WHAT THE TASK REQUIRES
Take the records below and set down exactly the lines from the one with "Balvi Blueberry je" to the one with "Ahhoz, hogy a", ends included; do not copy the pictures.

RECORD EXCERPTS
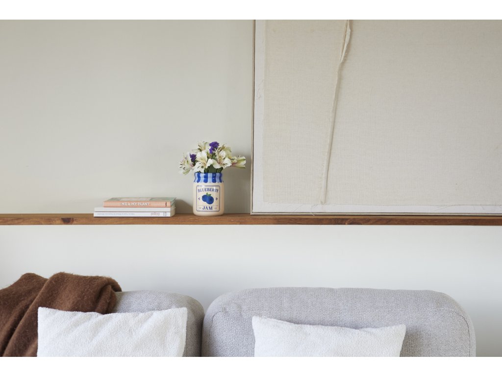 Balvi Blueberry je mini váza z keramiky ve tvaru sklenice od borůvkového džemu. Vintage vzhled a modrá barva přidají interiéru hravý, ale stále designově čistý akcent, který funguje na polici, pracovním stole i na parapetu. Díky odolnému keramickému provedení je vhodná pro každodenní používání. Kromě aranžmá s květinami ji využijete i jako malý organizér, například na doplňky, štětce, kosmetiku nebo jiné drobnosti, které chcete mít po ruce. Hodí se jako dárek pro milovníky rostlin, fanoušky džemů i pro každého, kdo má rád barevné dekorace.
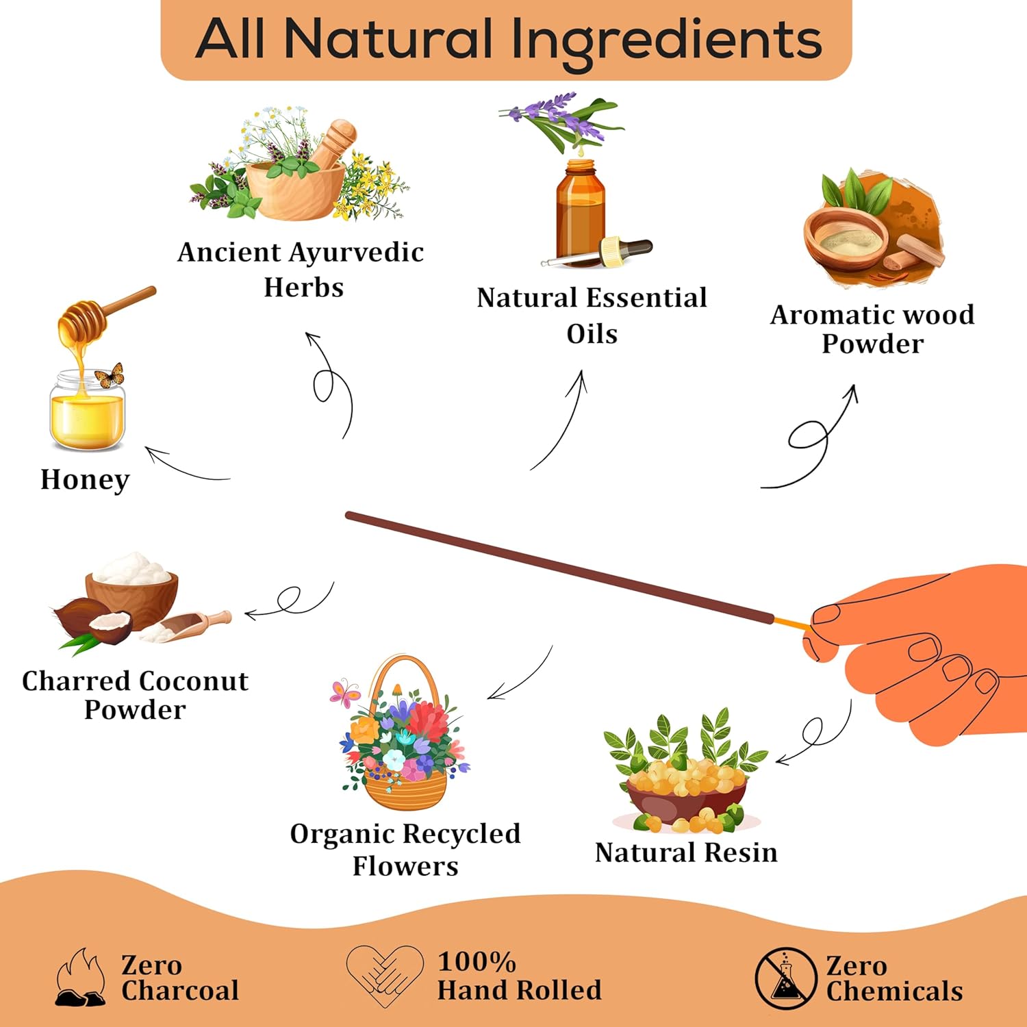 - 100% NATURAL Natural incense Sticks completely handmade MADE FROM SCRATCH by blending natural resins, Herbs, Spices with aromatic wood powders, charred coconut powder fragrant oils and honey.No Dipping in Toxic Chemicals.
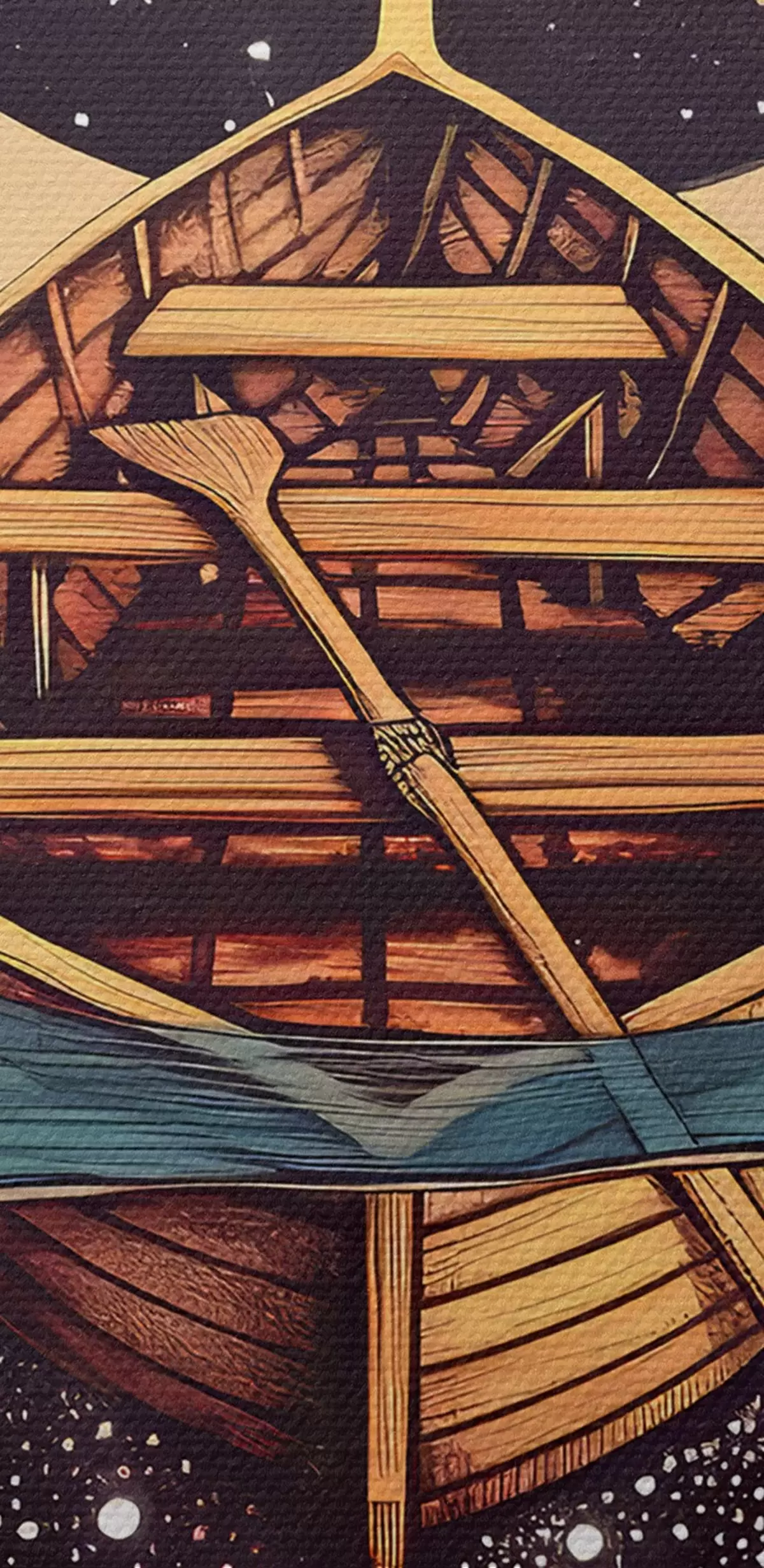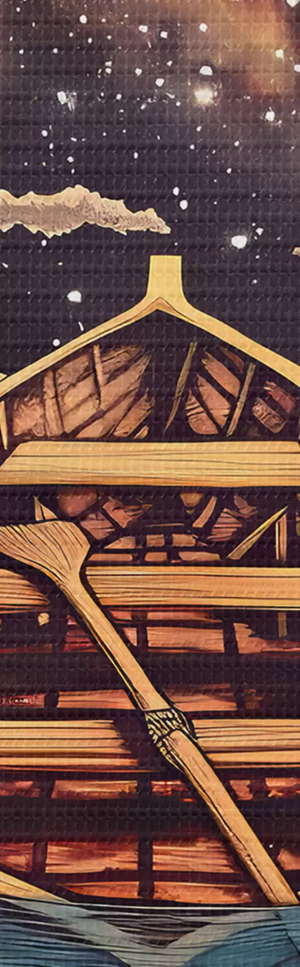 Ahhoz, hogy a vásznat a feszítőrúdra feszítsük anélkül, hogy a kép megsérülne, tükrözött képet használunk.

...

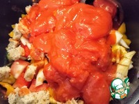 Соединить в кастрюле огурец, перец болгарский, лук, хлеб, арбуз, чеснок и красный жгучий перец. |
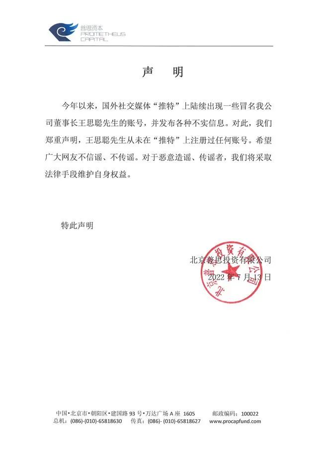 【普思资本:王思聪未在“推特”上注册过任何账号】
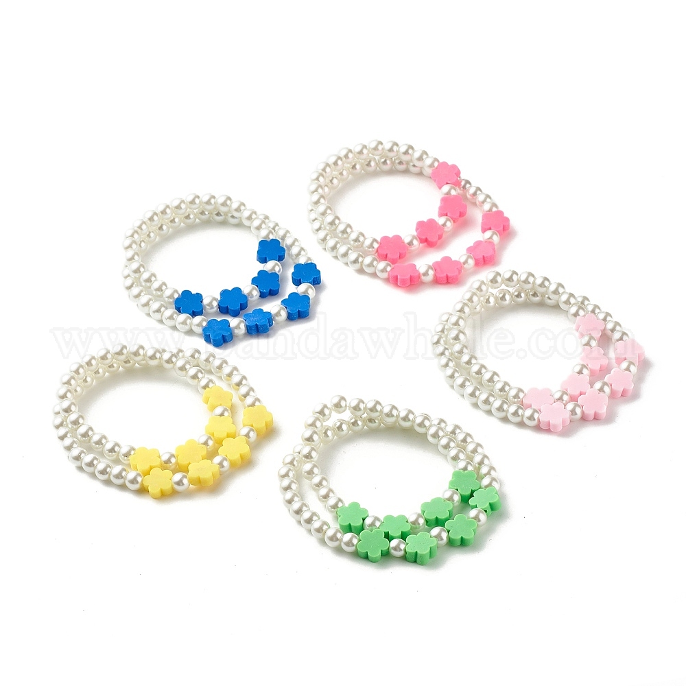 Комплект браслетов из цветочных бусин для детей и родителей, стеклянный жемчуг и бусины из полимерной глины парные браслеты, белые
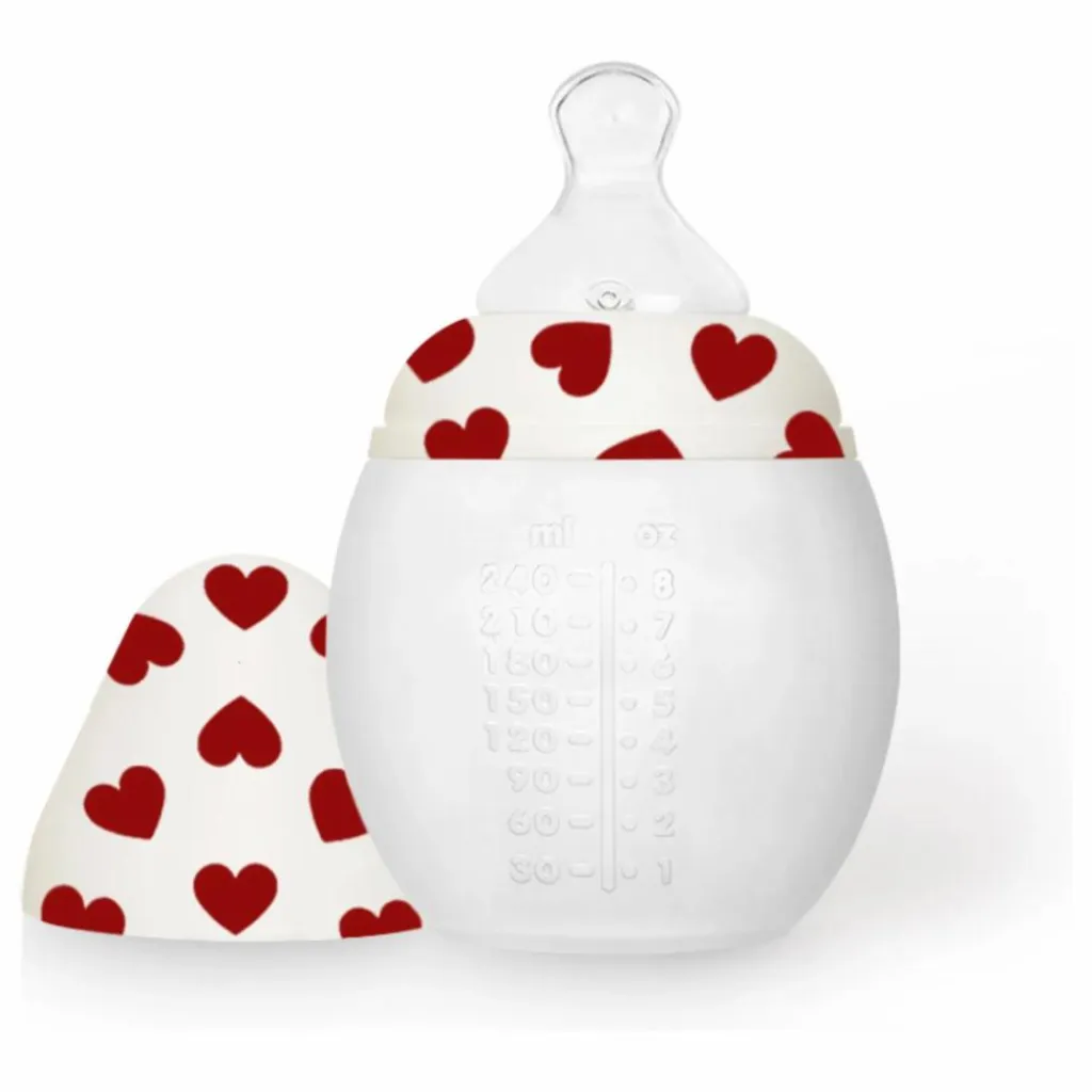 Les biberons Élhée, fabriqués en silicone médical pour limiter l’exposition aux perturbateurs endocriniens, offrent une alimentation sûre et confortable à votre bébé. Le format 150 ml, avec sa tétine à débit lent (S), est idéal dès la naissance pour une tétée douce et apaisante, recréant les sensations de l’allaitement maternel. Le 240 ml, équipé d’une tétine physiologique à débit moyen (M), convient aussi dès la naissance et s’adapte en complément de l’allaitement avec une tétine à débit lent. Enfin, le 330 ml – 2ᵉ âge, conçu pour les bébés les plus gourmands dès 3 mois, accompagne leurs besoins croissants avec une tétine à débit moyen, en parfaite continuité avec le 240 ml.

REPLY
 Balvi Blueberry je mini váza z keramiky ve tvaru sklenice od borůvkového džemu. Vintage vzhled a modrá barva přidají interiéru hravý, ale stále designově čistý akcent, který funguje na polici, pracovním stole i na parapetu. Díky odolnému keramickému provedení je vhodná pro každodenní používání. Kromě aranžmá s květinami ji využijete i jako malý organizér, například na doplňky, štětce, kosmetiku nebo jiné drobnosti, které chcete mít po ruce. Hodí se jako dárek pro milovníky rostlin, fanoušky džemů i pro každého, kdo má rád barevné dekorace.
 - 100% NATURAL Natural incense Sticks completely handmade MADE FROM SCRATCH by blending natural resins, Herbs, Spices with aromatic wood powders, charred coconut powder fragrant oils and honey.No Dipping in Toxic Chemicals.
 Ahhoz, hogy a vásznat a feszítőrúdra feszítsük anélkül, hogy a kép megsérülne, tükrözött képet használunk.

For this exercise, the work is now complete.